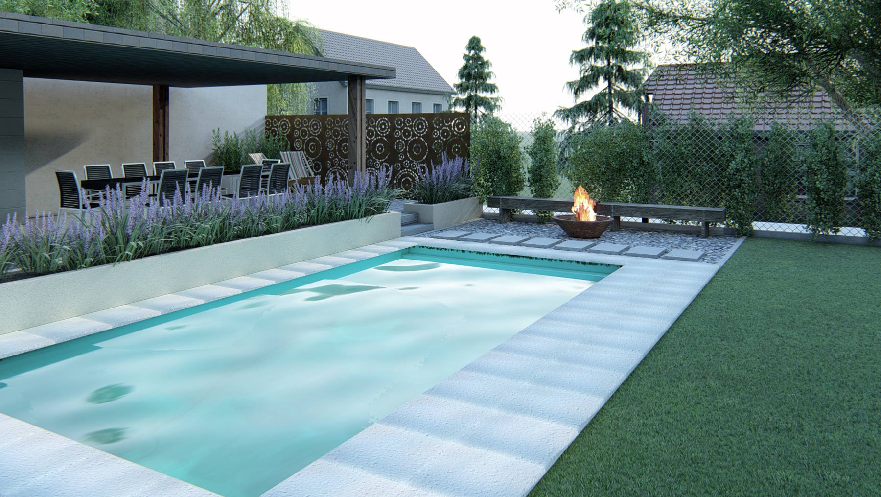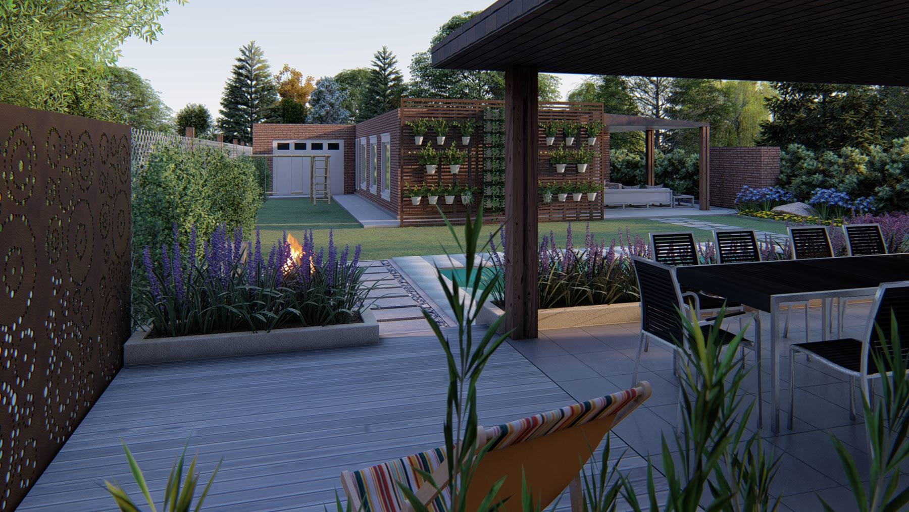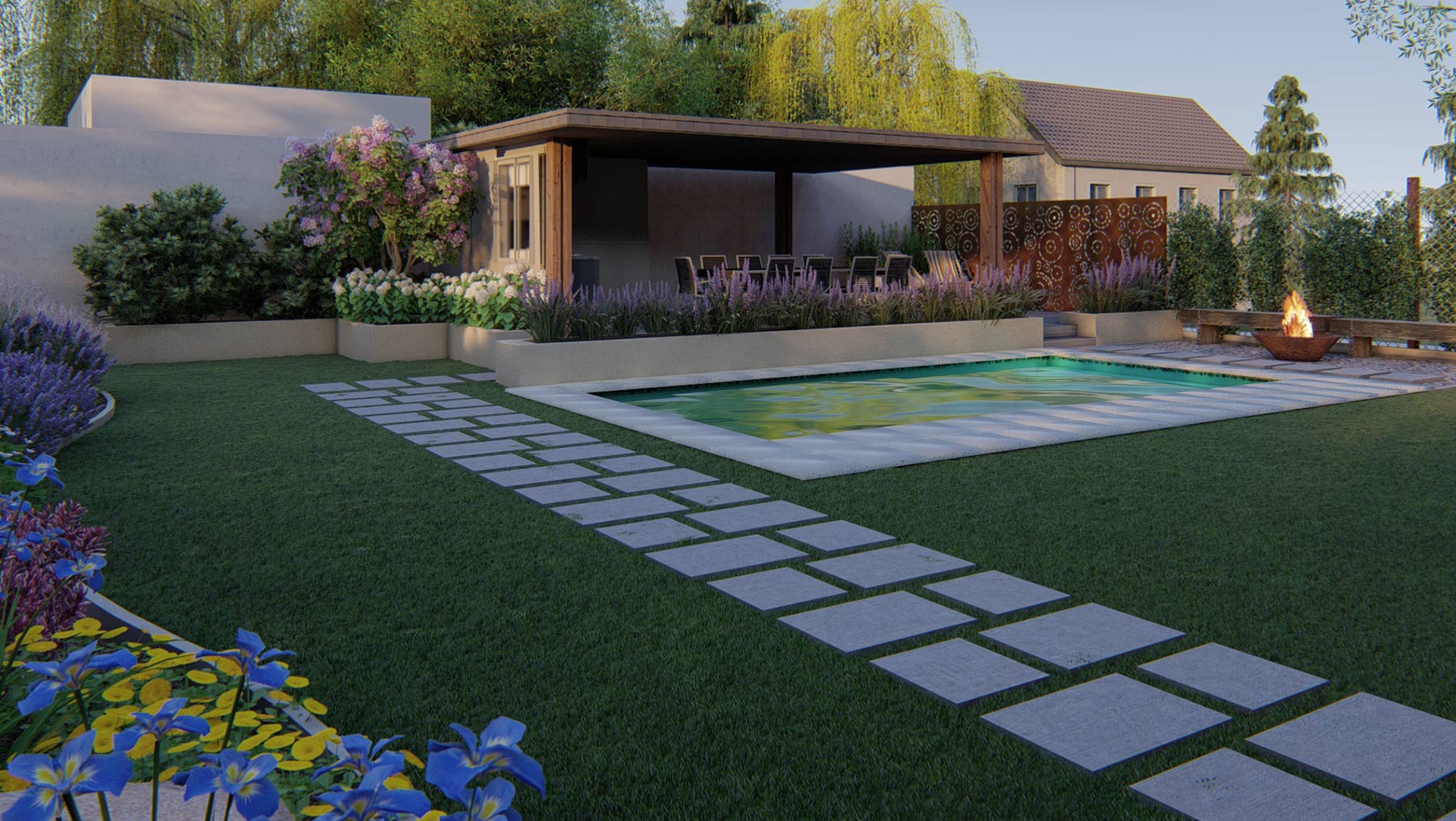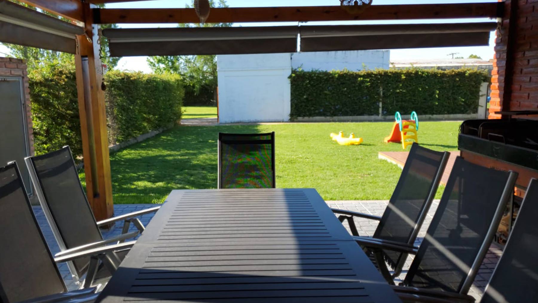 La premisa de este proyecto fue, queremos un quincho abierto, elevado con baño que a su vez sirva como separador de ambientes ya que comparte pared con unas oficinas, una pileta y muchas flores. En plena obra, el ambiente se extendió un metro y medio más -ya se sabe que los proyectos están vivos-, y no faltó el drama: justo nos agarró la pandemia y paramos 3 meses. Pero lo bueno tarda en llegar, y finalmente terminamos la obra y además tuvo una sorpresa extra: hoy la cliente es una gran amiga.
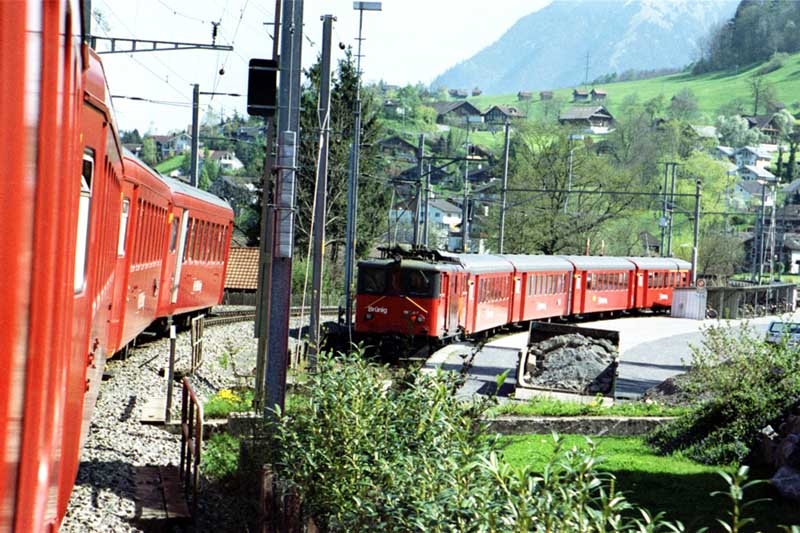 SBB-Bruenig-Bahn in Alpnachstad. 08 Jun 2000. Photo by Juergen Goetzke (JGoetzke@gmx.de) |
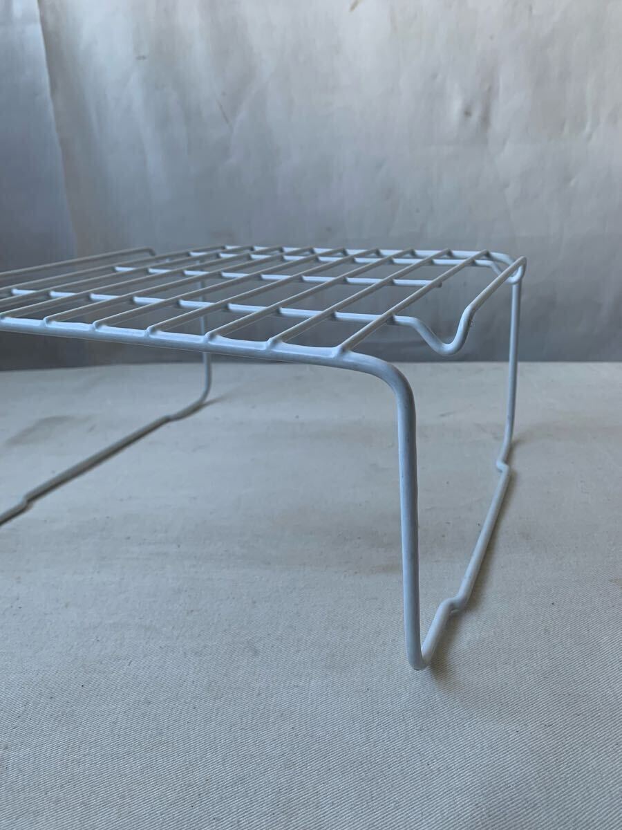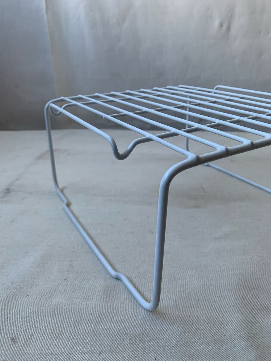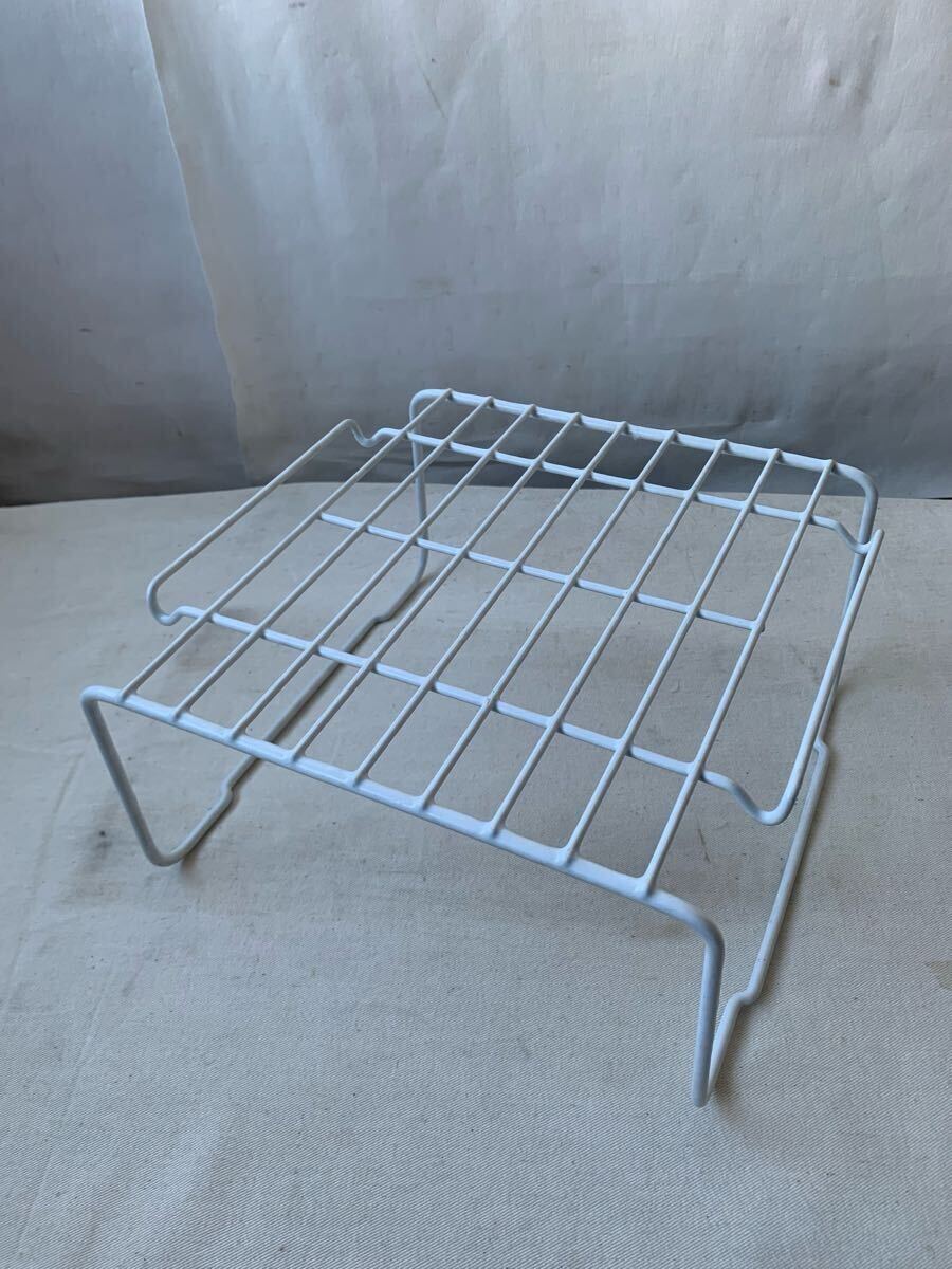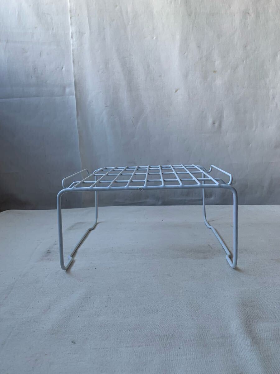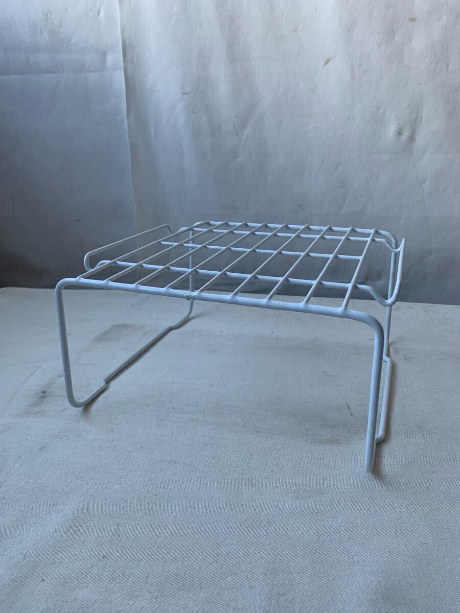 デザインが素敵な白いアイアン製展示ラックです。小物などを飾るお部屋のインテリアや、お店のディスプレイ、イベント出店時の什器などに使って頂くと素敵だと思います。
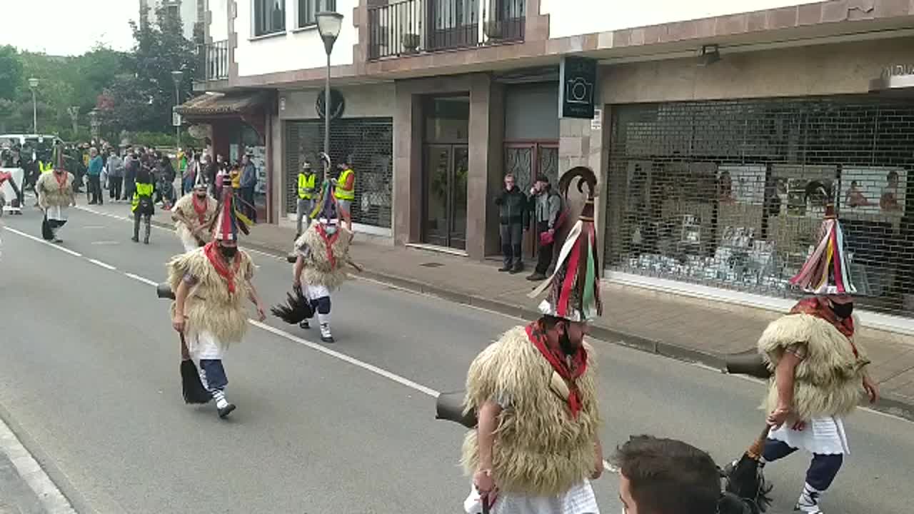 A las 17.30 horas, la plaza de los Fueros de Elizondo se quedó pequeña para acoger a toda la gente congregada en ella, gentío, que se organizó en dos filas, recorriendo la calle Santiago de la localidad.

********

REQUIREMENT:
Retype the data above in full, exactly as it stands, and skip any image.

PROBLEM SOLUTION:
 La premisa de este proyecto fue, queremos un quincho abierto, elevado con baño que a su vez sirva como separador de ambientes ya que comparte pared con unas oficinas, una pileta y muchas flores. En plena obra, el ambiente se extendió un metro y medio más -ya se sabe que los proyectos están vivos-, y no faltó el drama: justo nos agarró la pandemia y paramos 3 meses. Pero lo bueno tarda en llegar, y finalmente terminamos la obra y además tuvo una sorpresa extra: hoy la cliente es una gran amiga.
 SBB-Bruenig-Bahn in Alpnachstad. 08 Jun 2000. Photo by Juergen Goetzke (JGoetzke@gmx.de) |
 デザインが素敵な白いアイアン製展示ラックです。小物などを飾るお部屋のインテリアや、お店のディスプレイ、イベント出店時の什器などに使って頂くと素敵だと思います。
 A las 17.30 horas, la plaza de los Fueros de Elizondo se quedó pequeña para acoger a toda la gente congregada en ella, gentío, que se organizó en dos filas, recorriendo la calle Santiago de la localidad.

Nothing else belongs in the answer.